__SUPPLIED ENTRIES__:
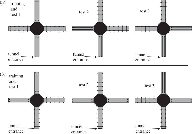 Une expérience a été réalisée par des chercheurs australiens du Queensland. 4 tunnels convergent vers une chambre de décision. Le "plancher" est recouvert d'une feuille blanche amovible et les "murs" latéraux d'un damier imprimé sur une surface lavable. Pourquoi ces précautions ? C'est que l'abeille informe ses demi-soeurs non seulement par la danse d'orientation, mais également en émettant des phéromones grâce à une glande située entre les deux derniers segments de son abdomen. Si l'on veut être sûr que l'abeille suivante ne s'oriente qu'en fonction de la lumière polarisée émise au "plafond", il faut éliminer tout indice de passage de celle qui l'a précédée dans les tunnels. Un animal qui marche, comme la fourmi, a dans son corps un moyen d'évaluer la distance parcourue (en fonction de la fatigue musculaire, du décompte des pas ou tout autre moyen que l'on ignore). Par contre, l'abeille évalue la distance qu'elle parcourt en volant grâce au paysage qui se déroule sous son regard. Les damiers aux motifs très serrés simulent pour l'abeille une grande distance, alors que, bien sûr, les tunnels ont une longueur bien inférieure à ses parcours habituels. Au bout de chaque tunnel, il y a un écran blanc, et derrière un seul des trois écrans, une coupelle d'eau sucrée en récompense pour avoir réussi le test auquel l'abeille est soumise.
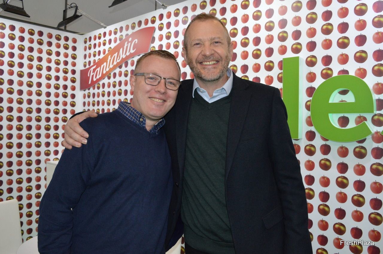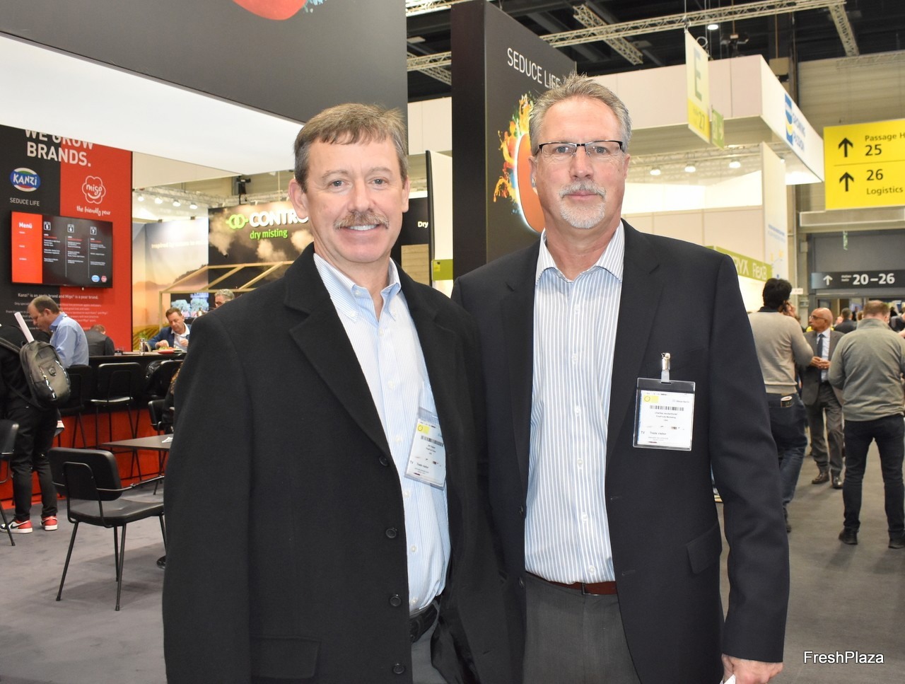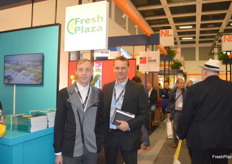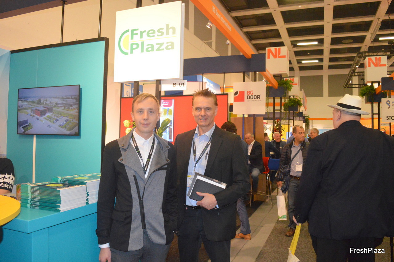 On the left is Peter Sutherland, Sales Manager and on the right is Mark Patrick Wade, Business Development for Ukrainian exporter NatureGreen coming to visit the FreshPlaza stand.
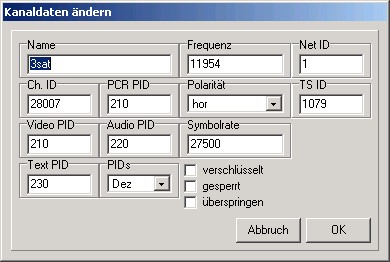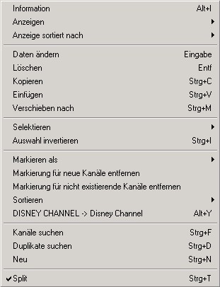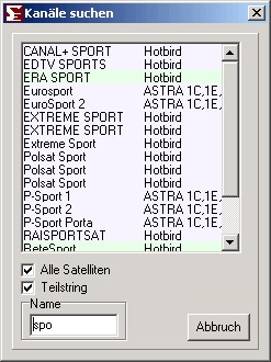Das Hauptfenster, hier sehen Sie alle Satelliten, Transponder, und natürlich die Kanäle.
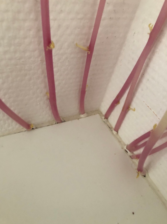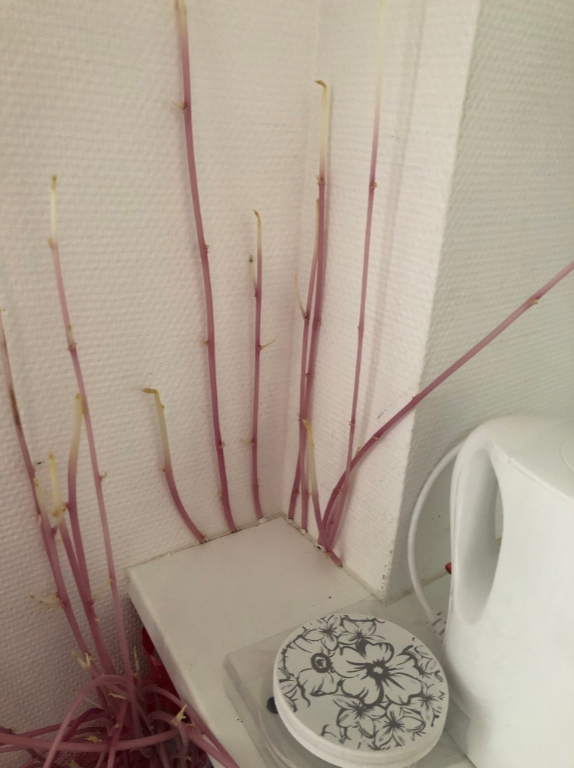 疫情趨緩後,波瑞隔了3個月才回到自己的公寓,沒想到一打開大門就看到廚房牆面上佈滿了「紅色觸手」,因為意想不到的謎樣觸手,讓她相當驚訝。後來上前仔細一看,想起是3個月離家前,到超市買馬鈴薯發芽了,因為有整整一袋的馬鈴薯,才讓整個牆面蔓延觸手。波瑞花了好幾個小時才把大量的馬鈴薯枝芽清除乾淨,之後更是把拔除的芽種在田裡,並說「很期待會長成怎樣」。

---

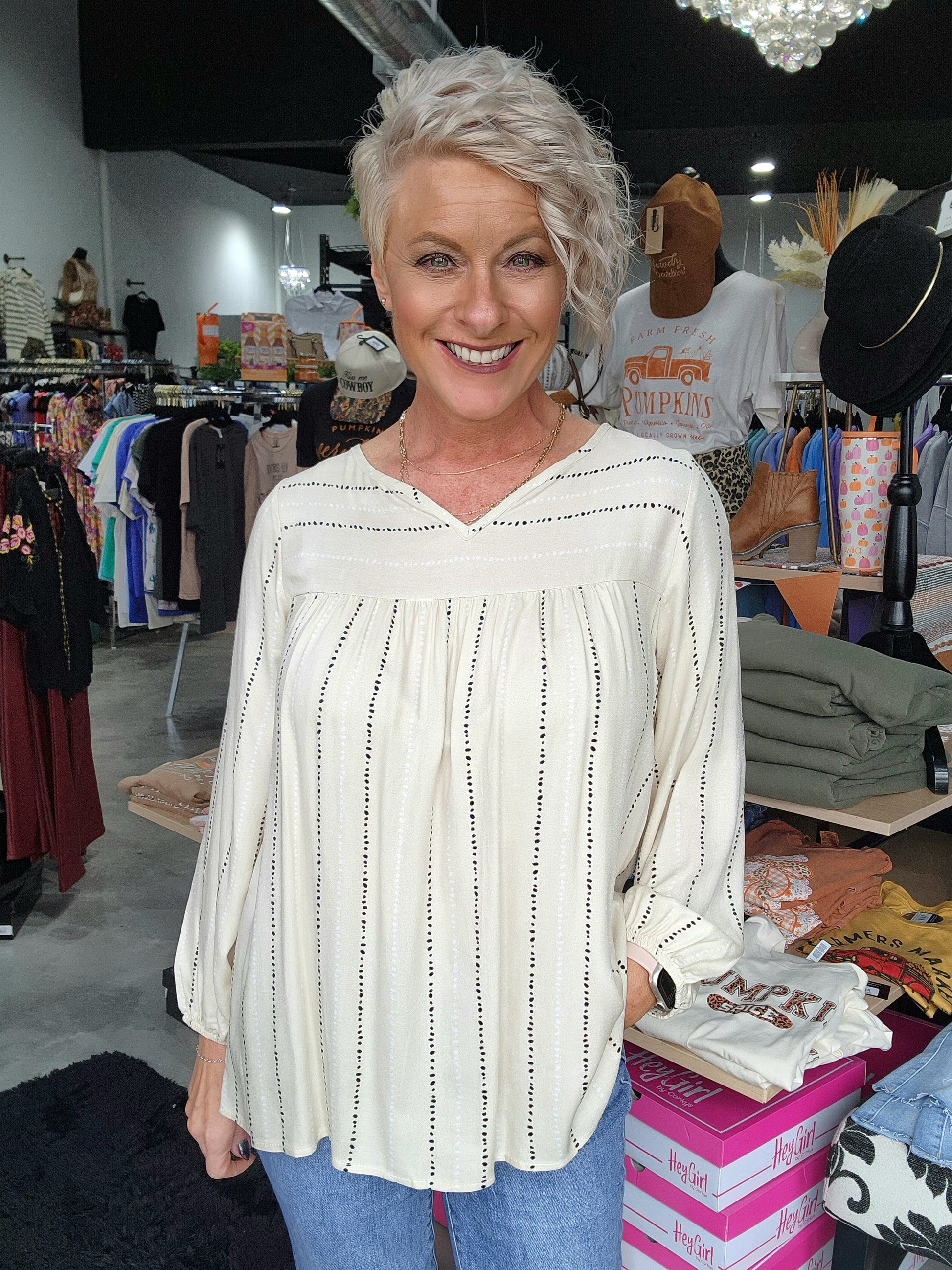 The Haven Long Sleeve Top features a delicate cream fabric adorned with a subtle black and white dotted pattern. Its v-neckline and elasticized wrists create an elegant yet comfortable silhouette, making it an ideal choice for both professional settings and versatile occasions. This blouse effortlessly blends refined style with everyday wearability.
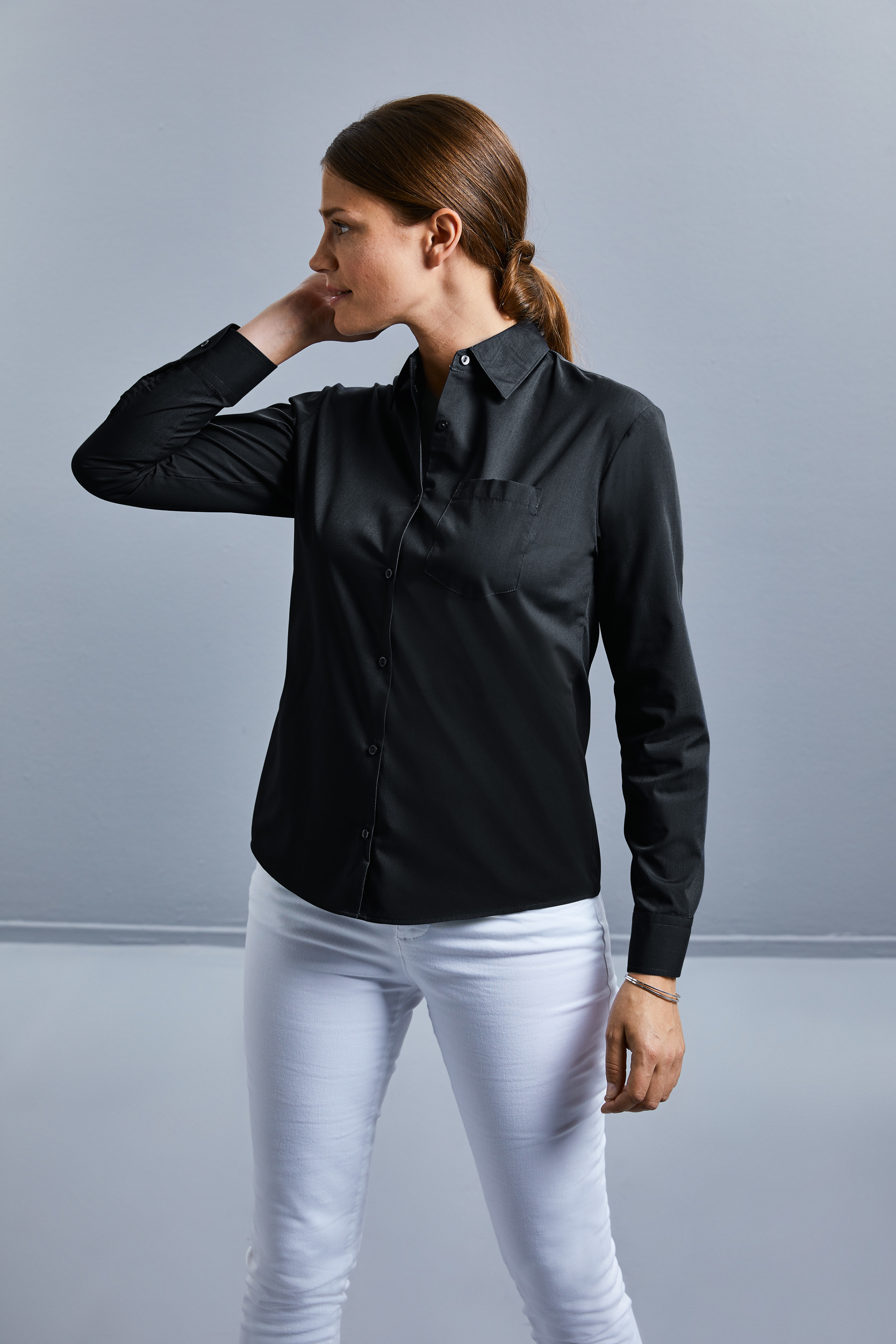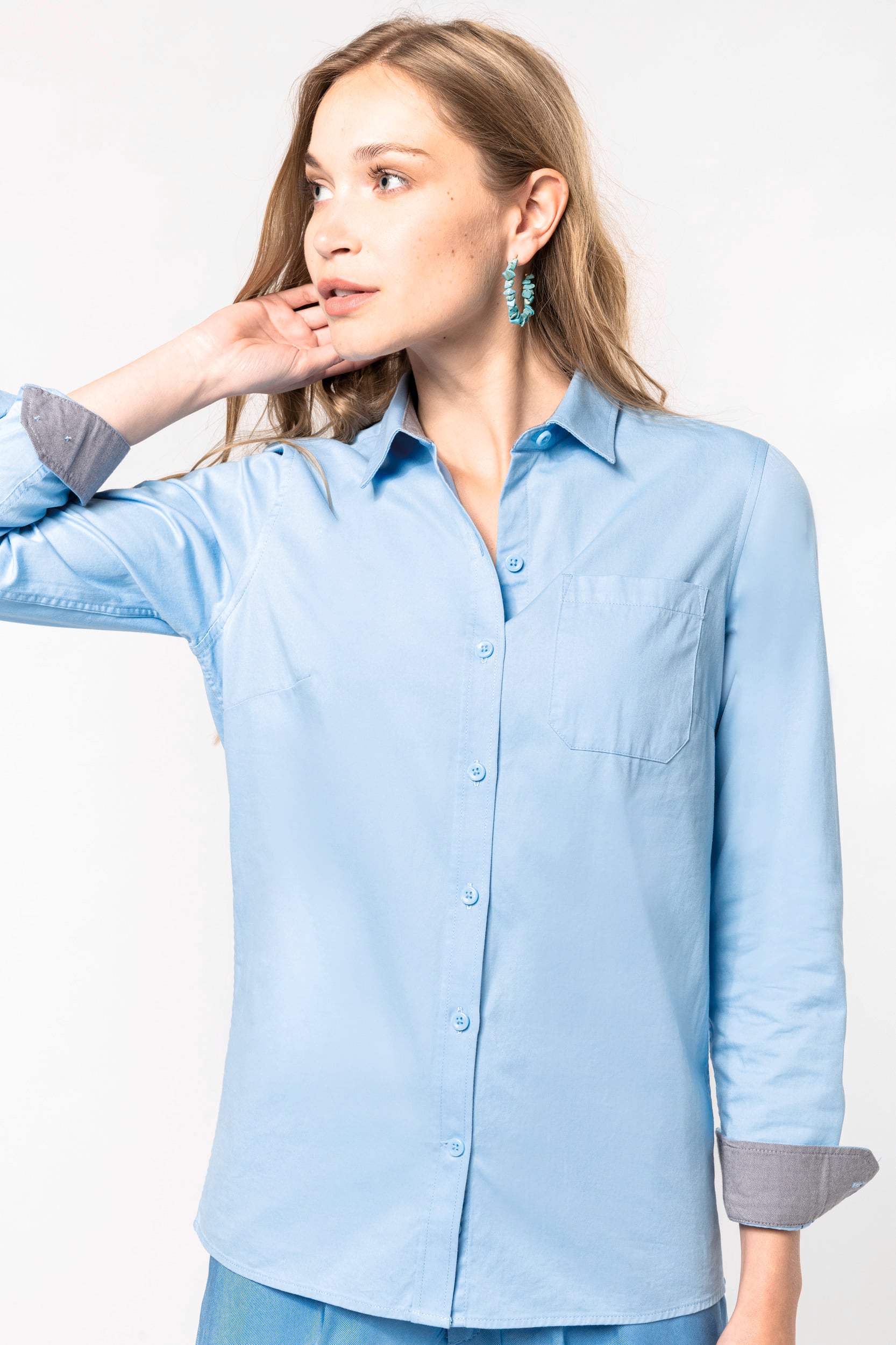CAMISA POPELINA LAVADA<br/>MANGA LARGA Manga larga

__THE TASK__: Of the lines above, quote exactly those from the one with "Une expérience a" through the one with "疫情趨緩後,波瑞隔了3個月才", ends included; pictures stay out.

__ANSWER TO THIS EXERCISE__:
 Une expérience a été réalisée par des chercheurs australiens du Queensland. 4 tunnels convergent vers une chambre de décision. Le "plancher" est recouvert d'une feuille blanche amovible et les "murs" latéraux d'un damier imprimé sur une surface lavable. Pourquoi ces précautions ? C'est que l'abeille informe ses demi-soeurs non seulement par la danse d'orientation, mais également en émettant des phéromones grâce à une glande située entre les deux derniers segments de son abdomen. Si l'on veut être sûr que l'abeille suivante ne s'oriente qu'en fonction de la lumière polarisée émise au "plafond", il faut éliminer tout indice de passage de celle qui l'a précédée dans les tunnels. Un animal qui marche, comme la fourmi, a dans son corps un moyen d'évaluer la distance parcourue (en fonction de la fatigue musculaire, du décompte des pas ou tout autre moyen que l'on ignore). Par contre, l'abeille évalue la distance qu'elle parcourt en volant grâce au paysage qui se déroule sous son regard. Les damiers aux motifs très serrés simulent pour l'abeille une grande distance, alors que, bien sûr, les tunnels ont une longueur bien inférieure à ses parcours habituels. Au bout de chaque tunnel, il y a un écran blanc, et derrière un seul des trois écrans, une coupelle d'eau sucrée en récompense pour avoir réussi le test auquel l'abeille est soumise.
 On the left is Peter Sutherland, Sales Manager and on the right is Mark Patrick Wade, Business Development for Ukrainian exporter NatureGreen coming to visit the FreshPlaza stand.
Das Hauptfenster, hier sehen Sie alle Satelliten, Transponder, und natürlich die Kanäle.
 疫情趨緩後,波瑞隔了3個月才回到自己的公寓,沒想到一打開大門就看到廚房牆面上佈滿了「紅色觸手」,因為意想不到的謎樣觸手,讓她相當驚訝。後來上前仔細一看,想起是3個月離家前,到超市買馬鈴薯發芽了,因為有整整一袋的馬鈴薯,才讓整個牆面蔓延觸手。波瑞花了好幾個小時才把大量的馬鈴薯枝芽清除乾淨,之後更是把拔除的芽種在田裡,並說「很期待會長成怎樣」。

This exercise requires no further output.